Action item ::
The line containing "Und dann nähern" marks the end; return exactly every line from the start of the records up to and including it, but no pictures.

[Stored dataset items]

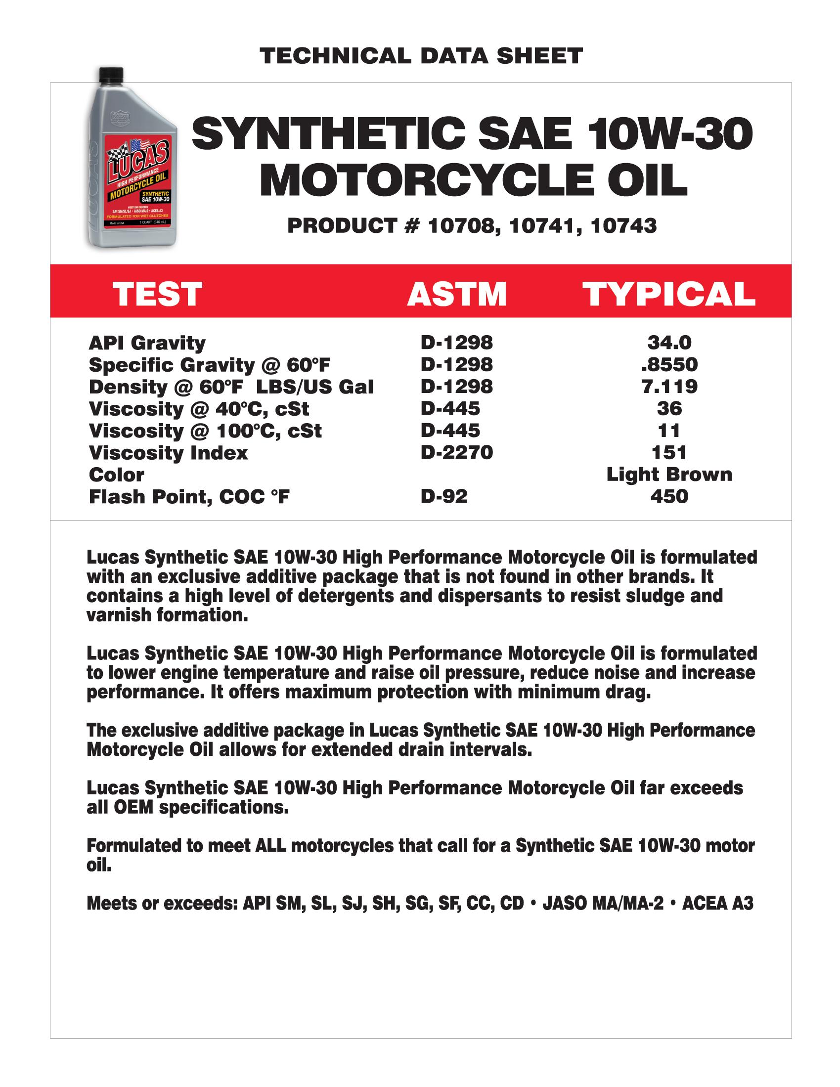 Lucas High Performance Motorcycle Oils are the result of technology gained through years of blending motor oils and gear oils for the racing industry.
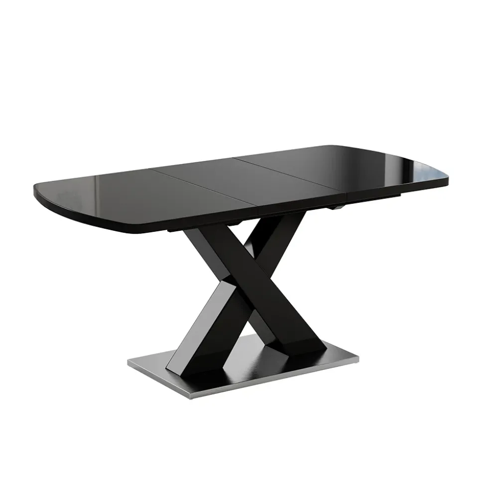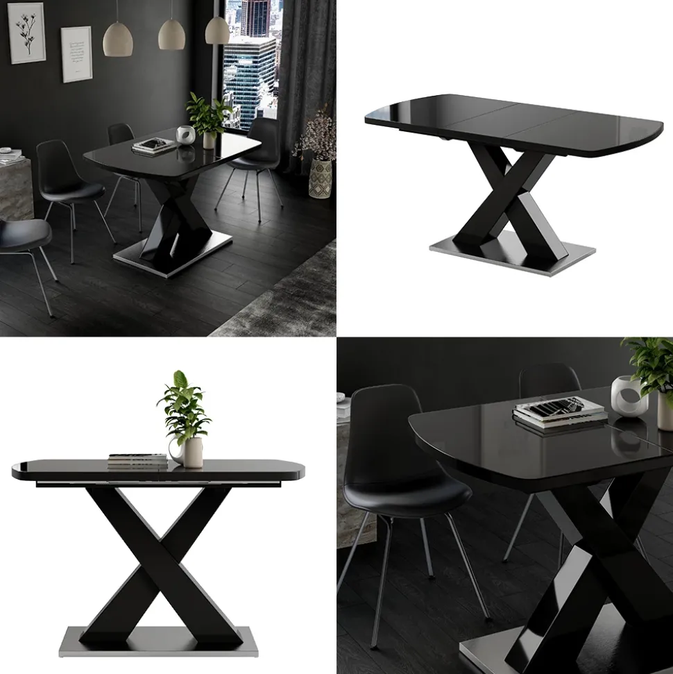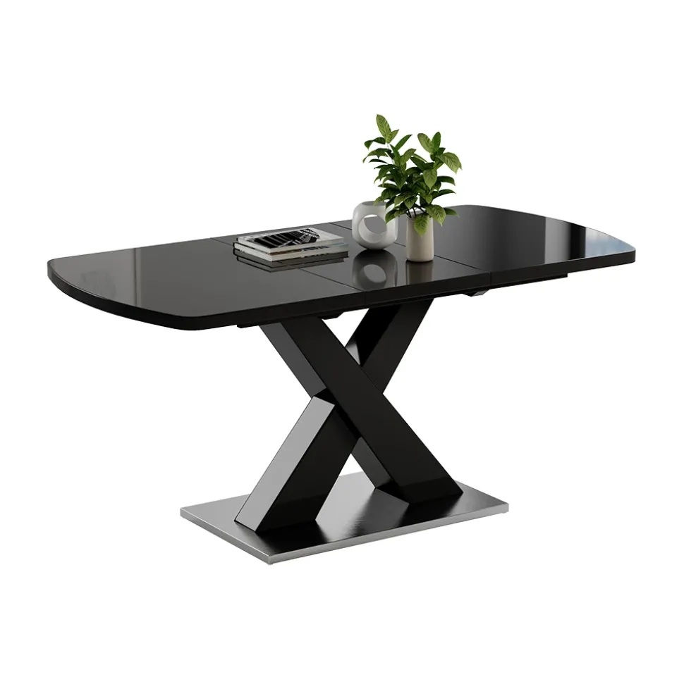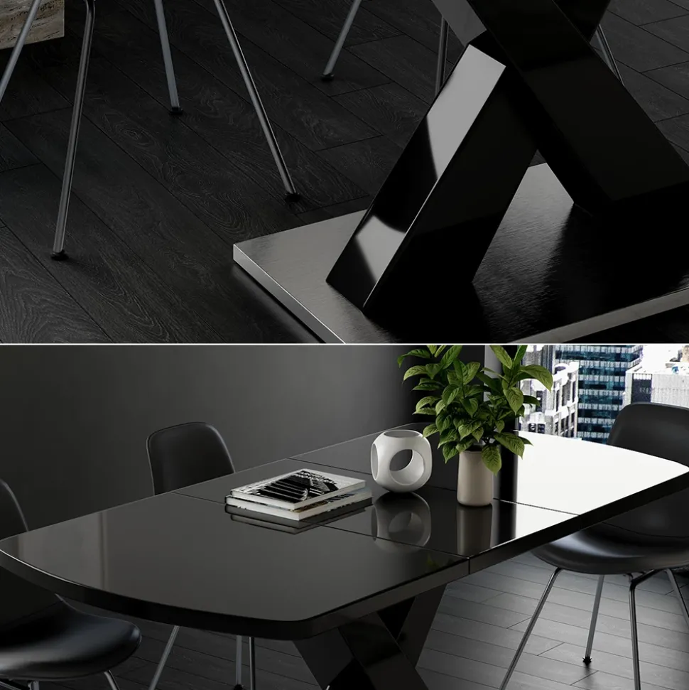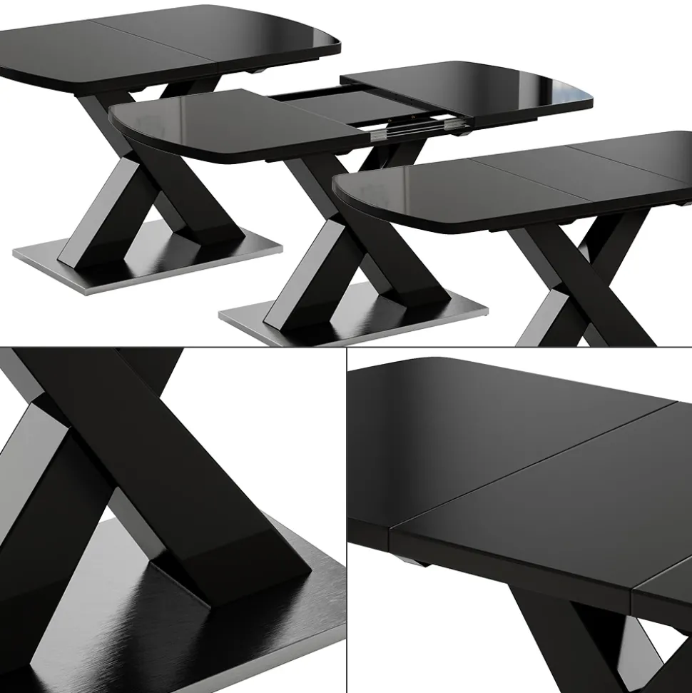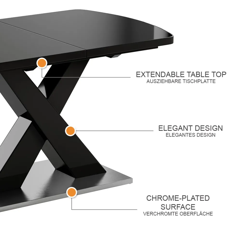 - Der ausziehbare Esszimmertisch verfügt über einen X-Fuß gebettet auf einem Podest und ist ein praktisches Möbelstück für das Esszimmer.
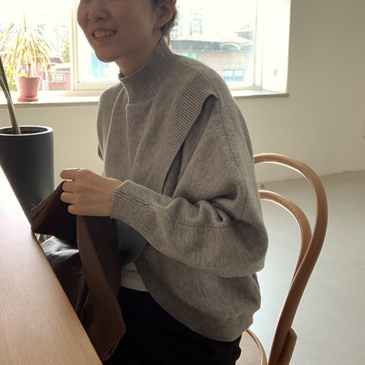 2021秋冬新作 セーター 混紡ニット スリット トップス 韓国風 レディース 大人可愛い
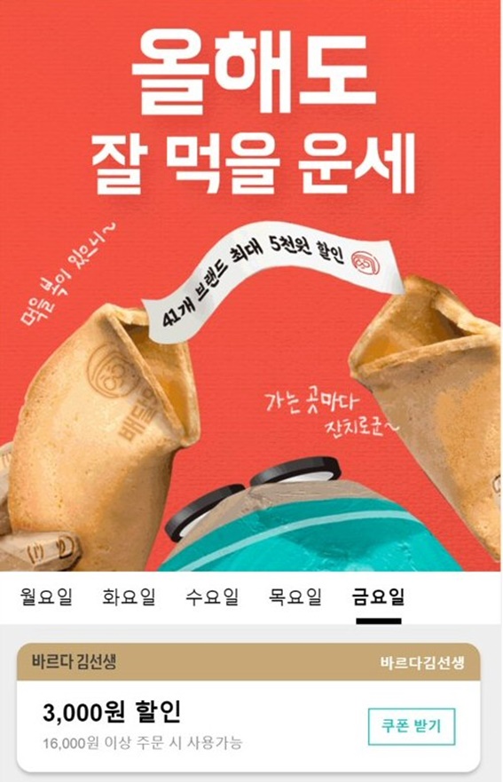 배민앱의 이벤트 페이지 중 '올해도 잘 먹을 운세'에서 바르다 김선생 할인 쿠폰을 다운받아 이용할 수 있다.
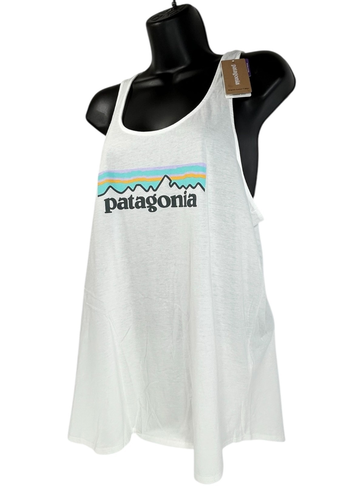 NWT Patagonia Logo Tank Top in White combo • Racerback straps and sleeveless • Graphic mountain logo print on front in multiple colors • Lightweight and soft jersey fabric • Organic cotton made • Rounded tunic hemline Made with organic cotton Made in Mexico Shoulder to hem: 27.5” Pit to pit: 18” across #patagonia #patagoniatank #patagoniatanktop #patagoniawomens #patagonialogotank #cottontanktop #logotanktop #organiccottontanktop #organiccotton
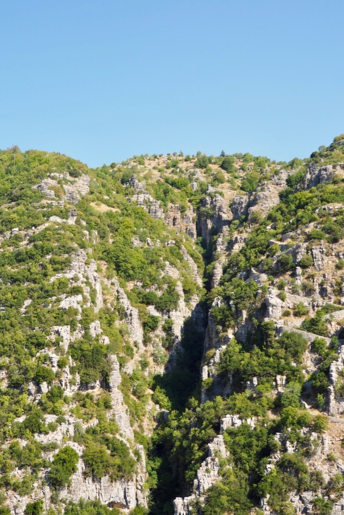 Und dann nähern wir uns der Vikos-Schlucht. „Die Schlucht ersteckt sich über eine Länge von knapp 10 km. Der Bach bzw. Fluss Vikos durchfließt die Schlucht und vereinigt sich am nördlichen Ausgang der Schlucht mit anderen Quellzuflüssen zum Fluss Voidomatis. Die Angaben über die maximale Tiefe der Schlucht differieren erheblich und schwanken zwischen 600 m und knapp 1.000 m. Im Guinness-Buch der Rekorde ist sie als tiefste Schlucht der Welt eingetragen, wobei das Verhältnis zwischen Tiefe und Breite als maßgebliches Kriterium definiert wurde.“ (Alles aus der Wikipedia)
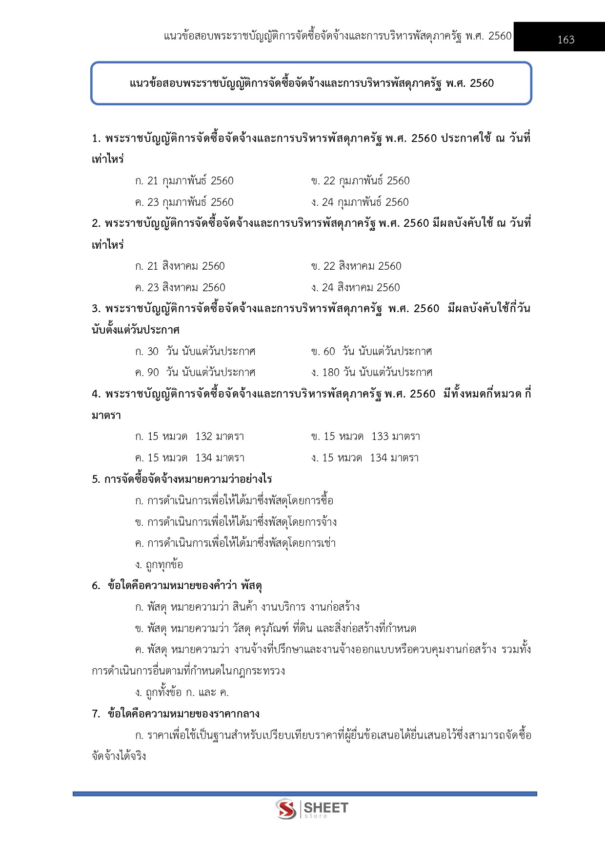 - แนวข้อสอบสรุปสาระสำคัญระเบียบกระทรวงการคลังว่าด้วยการจัดซื้อจัดจ้างและการบริหารพัสดุภาครัฐ พ.ศ. 2560
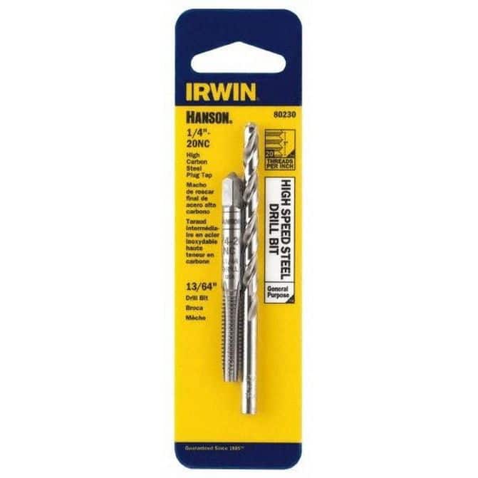 Manufacturer Part Number: 80230|Minimum Tap Thread Size (Inch)|1/4-20Minimum Tap Thread Size (mm)|Maximum Tap Thread Size (Inch)|1/4-20Maximum Tap Thread Size (mm)|Maximum Drill Size (Letter)|Maximum Drill Size (Wire)|Maximum Drill Size (mm)|Maximum Drill Size (Fractional Inch)|13/64Minimum Drill Size (mm)|Minimum Drill Size (Letter)|Minimum Drill Size (Wire)|Minimum Drill Size (Fractional Inch)|13/64Tap Type|Spiral FluteTap Coating/Finish|BrightTap Material|Carbon SteelDrill Material|High Speed SteelChamfer|PlugTap Thread Sizes Included|1/4-20Number Of Drills|Drill Sizes Included|13/64 inNumber Of Taps|Drill Point Angle|Case Type|Includes|Number Of Pieces|2Thread Direction|Product Service Code|UNSPSC Code|23241600
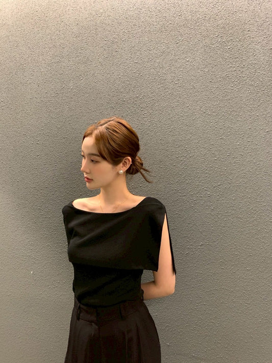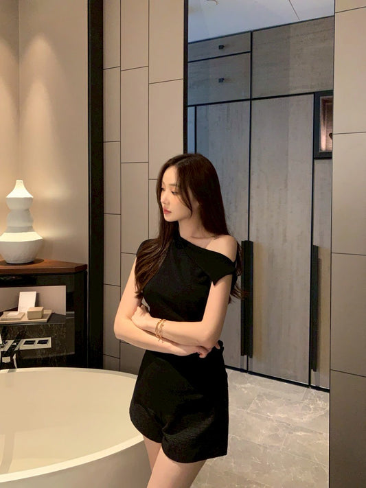 Thu. 元氣少女不規則斜肩顯瘦上衣 黑
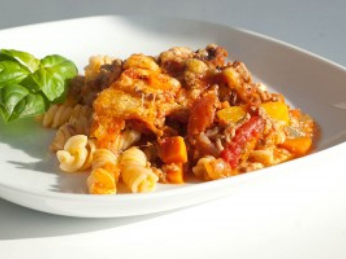 - Parallel zum Nudeln kochen, sondern nur "aufzuhellen", so dass die Penne oder Fusilli sind noch bissfest, weil sie weich im Ofen sind.

Your response ::
 Lucas High Performance Motorcycle Oils are the result of technology gained through years of blending motor oils and gear oils for the racing industry.
 - Der ausziehbare Esszimmertisch verfügt über einen X-Fuß gebettet auf einem Podest und ist ein praktisches Möbelstück für das Esszimmer.
 2021秋冬新作 セーター 混紡ニット スリット トップス 韓国風 レディース 大人可愛い
 배민앱의 이벤트 페이지 중 '올해도 잘 먹을 운세'에서 바르다 김선생 할인 쿠폰을 다운받아 이용할 수 있다.
 NWT Patagonia Logo Tank Top in White combo • Racerback straps and sleeveless • Graphic mountain logo print on front in multiple colors • Lightweight and soft jersey fabric • Organic cotton made • Rounded tunic hemline Made with organic cotton Made in Mexico Shoulder to hem: 27.5” Pit to pit: 18” across #patagonia #patagoniatank #patagoniatanktop #patagoniawomens #patagonialogotank #cottontanktop #logotanktop #organiccottontanktop #organiccotton
 Und dann nähern wir uns der Vikos-Schlucht. „Die Schlucht ersteckt sich über eine Länge von knapp 10 km. Der Bach bzw. Fluss Vikos durchfließt die Schlucht und vereinigt sich am nördlichen Ausgang der Schlucht mit anderen Quellzuflüssen zum Fluss Voidomatis. Die Angaben über die maximale Tiefe der Schlucht differieren erheblich und schwanken zwischen 600 m und knapp 1.000 m. Im Guinness-Buch der Rekorde ist sie als tiefste Schlucht der Welt eingetragen, wobei das Verhältnis zwischen Tiefe und Breite als maßgebliches Kriterium definiert wurde.“ (Alles aus der Wikipedia)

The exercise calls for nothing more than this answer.